SPIEGEL ONLINE: Mrs Watts, Ihre Choose-One-Kampagne geht gerade um die Welt. Wer hatte die Idee?

Shannon Watts: Ich habe mit der Dependance von Grey Advertising in Toronto zusammengearbeitet. Grey hat das gratis gemacht, für den guten Zweck.

SPIEGEL ONLINE: Sind einige der Beispiele nicht ein wenig weit hergeholt? Rotkäppchen mag ja in US-Schulen unerwünscht sein, aber das gilt ja wohl auch für Waffen, oder?

Watts: Es gibt Schulen, die Bücher und Spiele verbieten, um die Sicherheit von Kindern zu wahren, aber als Nation sind wir nicht dazu bereit, Sturmgewehre zu verbieten. Selbst nachdem 20 Kinder in ihrer Grundschule niedergemetzelt wurden, in der sie sich geborgen fühlen sollten. Und Waffen sind nicht an allen Schulen verboten. Einige Universitäten erlauben Waffen auf dem Campus. Im Bundesstaat Indiana wurde kürzlich vorgeschlagen, bewaffnete Freiwillige in allen öffentlichen Schulen einzusetzen. Für bewaffnete Wächter an allen Schulen im Lande ist auch die National Rifle Association (NRA).

SPIEGEL ONLINE: Die Waffenlobby in den USA mag einflussreich sein, aber spiegelt sich darin nicht auch die öffentliche Meinung? Viele Amerikaner sehen das Recht, eine Waffe zu tragen, als fundamentales Bürgerrecht.

Watts: Umfragen zufolge sind 90 Prozent der Amerikaner damit einverstanden, dass Waffenkäufer überprüft werden. Fast 60 Prozent befürworten ein Verbot von Sturmgewehren. Sogar die Mehrheit der NRA-Mitglieder unterstützt vernunftorientierte Reformen des Waffenrechts.
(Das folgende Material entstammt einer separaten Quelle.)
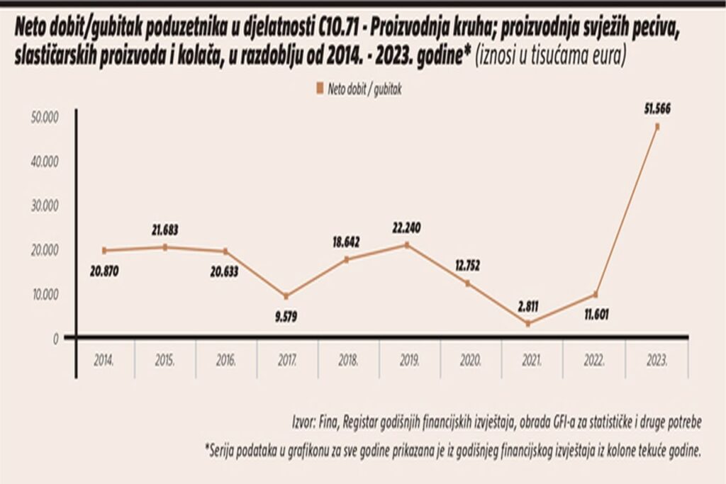 U razdoblju od 2014. do 2023. godine, poduzetnici u razredu djelatnosti NKD 10.71 iskazali su pozitivan financijski rezultat. Najveća neto dobit iskazana je u 2023. godini (51,6 milijuna eura), dok je najmanja bila u 2021. godini (2,8 milijuna eura). Najviše poduzetnika, čija je pretežita djelatnost proizvodnja kruha; proizvodnja svježih peciva, slastičarskih proizvoda i kolača, u 2023. godini imalo je sjedište u županiji Grad Zagreb (209), a po njihovoj brojnosti slijedi Splitsko-dalmatinska (109) i Zagrebačka županija (89), dok je najmanje poduzetnika u promatranoj djelatnosti bilo u Požeško-slavonskoj županiji (8). Najveće ukupne prihode ostvarili su poduzetnici u županiji Grad Zagreb u iznosu od 316,5 milijuna eura, kao i najveću neto dobit (12,9 milijuna eura).

Aber unser Kongress ist so abhängig von der Waffenlobby, dass eine Änderung schwer zu erreichen ist.

SPIEGEL ONLINE: Gibt es denn eine realistische Chance, strengere Waffengesetze durchzusetzen?

Watts: Es wird irgendwann passieren, aber es wird eine Weile dauern, den Schaden wiedergutzumachen, den die Waffenlobby über die letzten drei Jahrzehnte verursacht hat.
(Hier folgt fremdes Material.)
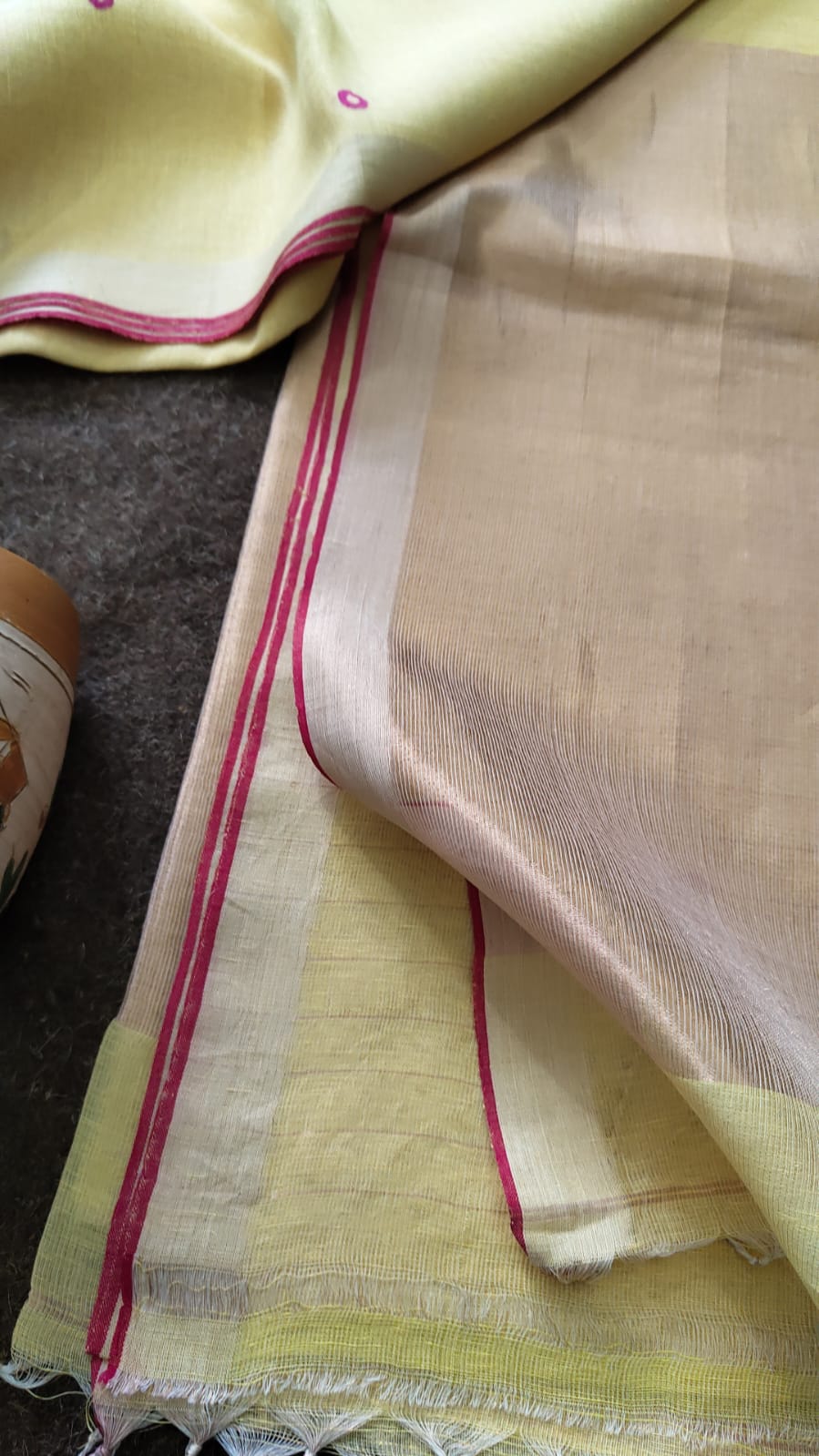 Pure Joyshree Linen Tissue Saree With Blouse Pc

SPIEGEL ONLINE: Was treibt so viele Amerikaner dazu an, eine Waffe besitzen zu wollen?

Watts: Es gibt eine Angstkampagne, die von der Waffenlobby getrieben wird: Angst davor, dass einem Rechte genommen werden; Angst davor, von jemandem ermordet zu werden; Angst davor, dass die Regierung ihre Bürger angreifen könnte. Es gibt diesen Irrglauben, dass das durch den zweiten Verfassungszusatz gewährte Recht auf eine Waffe grenzenlos sei.

SPIEGEL ONLINE: Gibt es regionale Unterschiede innerhalb der USA?

Watts: Ja, viele Leute in den südlichen oder bergigen Bundesstaaten sind Waffen-Befürworter - dort, wo es eine geringere Bevölkerungsdichte gibt oder eine ausgeprägte Jagdkultur. Die Amerikaner in den dicht besiedelten Gebieten verstehen schon eher, dass unregulierter Waffenbesitz gefährlich ist.

SPIEGEL ONLINE: Was für Reaktionen erleben Sie auf Ihre Kampagne?

Watts: Die meisten Reaktionen waren ermutigend, aber es gab auch Kritik und Drohungen von denen, die irrtümlich glauben, dass wir alle Waffen verbieten oder den zweiten Verfassungszusatz aufheben wollen.

SPIEGEL ONLINE: Moms Demand Action hatte sehr spontane Anfänge. Wird jetzt eine Organisation daraus?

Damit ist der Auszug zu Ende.